Economic Accelerator bill returns to Parliament


Brandon How
Administrator

Education minister Jason Clare has re-introduced legislation drafted by the former government to advance Australia’s Economic Accelerator, which will bring about more grants for commercialisation and industry-led postgraduate research.

The legislation was initially introduced in February by then-Education minister Stuart Robert but lapsed when parliament was prorogued in April ahead of the federal election. The bill tabled on Thursday is identical to the original version.

It seeks to amend the Higher Education Support Act 2003 to give power to the Education minister to issue grants supporting an increase of industry-led postgraduate research and to develop technologies to a level that’s attractive to commercial investors.

The minister will also be able to fund research at higher education providers to undertake research programs aligned with areas of national priority.

Education minister Jason Clare. Image: ARC

Following the passage of the bill, an ongoing AEA grant program worth $432 million over four years from 2022-23 will be set up. A further $36.1 million will be committed to “new industry-led postgraduate study programs” over the same period.

This has changed since the explanatory memorandum issued by the Coalition in February, when $505.2 million and $52.4 million over five years from 2021-22 was to be provide for the same two programs. This change is contained in the federal government’s October Budget.

The Coalition government AEA program will consist of two stages of competitive grants, followed by a third co-investment fund stage for up to 50 companies supported through Main Sequence Ventures.
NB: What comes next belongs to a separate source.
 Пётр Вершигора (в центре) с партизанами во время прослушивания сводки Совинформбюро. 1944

The latter would be worth $150 million, according to the previous federal government.

Mr Clare noted that while Australia ranks fifth on the 2022 World Intellectual Property Organisation’s Global Innovation Index for foundational research, it ranks 37th for knowledge and technology outputs.
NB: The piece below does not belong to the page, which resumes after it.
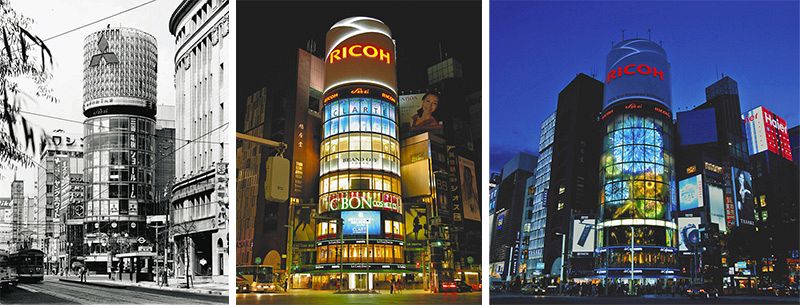 昭和21年銀座4丁目交差点に地上2階「三愛ビル」建設。昭和38年に円筒型「三愛ドリームセンター」建設。

“The former government’s university research commercialisation panel considered this problem and recommended a dedicated funding programme to help higher education providers to bridge this gap and that is what this bill does,” Mr Clare said.

“The Australia’s economic accelerator or a programme is a new funding programme targeted at supporting research translation and commercialisation within our universities… Distinct from other funding models in research, the AEA will have a fast-fail focus.
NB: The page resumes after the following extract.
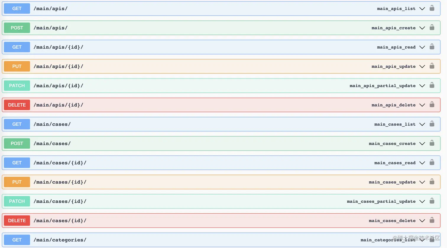 然后在后端项目中mian/views.py中使用ModelViewSet快速定义「分类」、「接口」、「用例」用的简单增删改查接口。

“It will fill a gap in the current research commercialisation landscape by funding translational research from early-stage research into a product that shows viability for industry partnership and investment. Projects will progress through the programme based on the continued success and achievement milestones.

The postgraduate programs intend to “embed researchers in industry settings, enhancing research commercialisation and translation skills and building research careers in industry”.

An “expert commercialisation board, supported by expert Priority Managers,” will manage the AEA program, which will consist of up to eight members. The board will advise the Education minister through a Research Commercialisation Strategy to be produced every five years from 2022-23.

The Coalition originally committed fundin to the AEA in its March 2022-23 Budget. Overall, the AEA will be a decade-long $1.6 billion program seeking to drive reform in the higher education sector supporting the translation and commercialisation of university research across three stages, according to the Department of Education.